For roughly 40 years the legendary and lovely Delta Queen made Cincinnati her home port. She was, and is, one of the last of her breed, a true Western River Steamboat with an elegant wooden superstructure capable of housing more than 150 passengers. The Delta Queen is a portal into the city’s past, a time when Cincinnati was not simply a city beside a river but a River City—the Queen of the Ohio. Since leaving in 1985, the boat has come down in the world, relegated in recent years to the true ignominy of serving as a “floating hotel” in Chattanooga, Tennessee. Now there is talk along the waterfront of bringing her home to the city whose name still graces her stern. Unless, that is, competing suitors in Louisville, Sacramento, or New York lure the landmark their way.
According to local advocates, including City Councilman P. G. Sittenfeld, the potential economic boost is considerable. Sittenfeld says he’s hoping for a maiden voyage in June 2014. “The Delta Queen is such an important part of our heritage; there’s so much pride wrapped up in it,” he says. Beyond that it means jobs—150 vessel jobs and perhaps 25 corporate jobs and around $9.3 million of annual economic impact.”

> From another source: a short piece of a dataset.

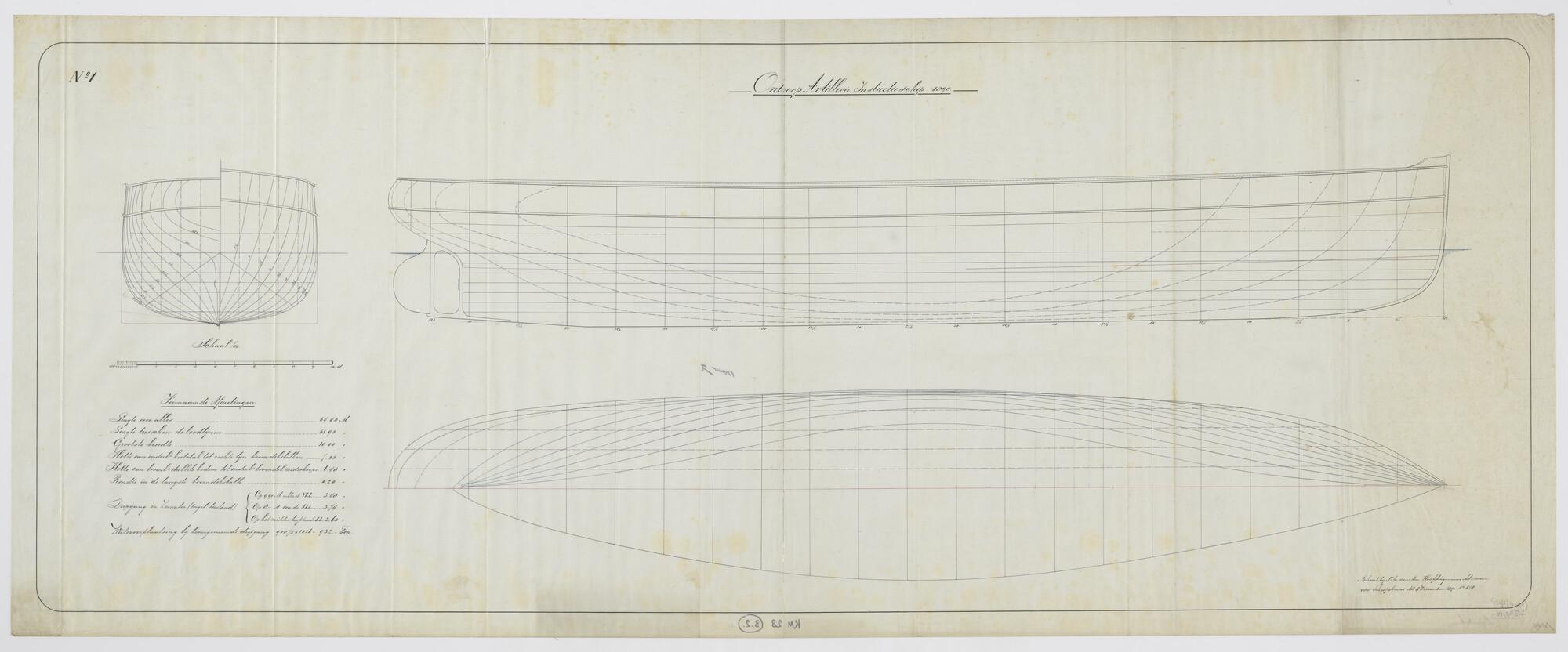 Lijnentekening en spantenraam van het ontwerp artillerie instructieschip 1890 Hr.Ms. 'Bellona'. Overzicht van de voornaamste afmetingen (schaal 1:50).

But it will only happen with the kind of public loans and infrastructure investment from the city, county, and state that are likely to drive certain elements of the body politic to swarm the decks and dump whatever tea they can into the Ohio River. Already in corners of the chatosphere protestors have taken a break from fuming about the streetcar to argue over public investment for the Delta Queen.
“Check your facts [you] suburbanite troll before posting ridiculous comments,” wrote one deep thinker. “Maybe you can post at an elementary school...” riposted his adversary.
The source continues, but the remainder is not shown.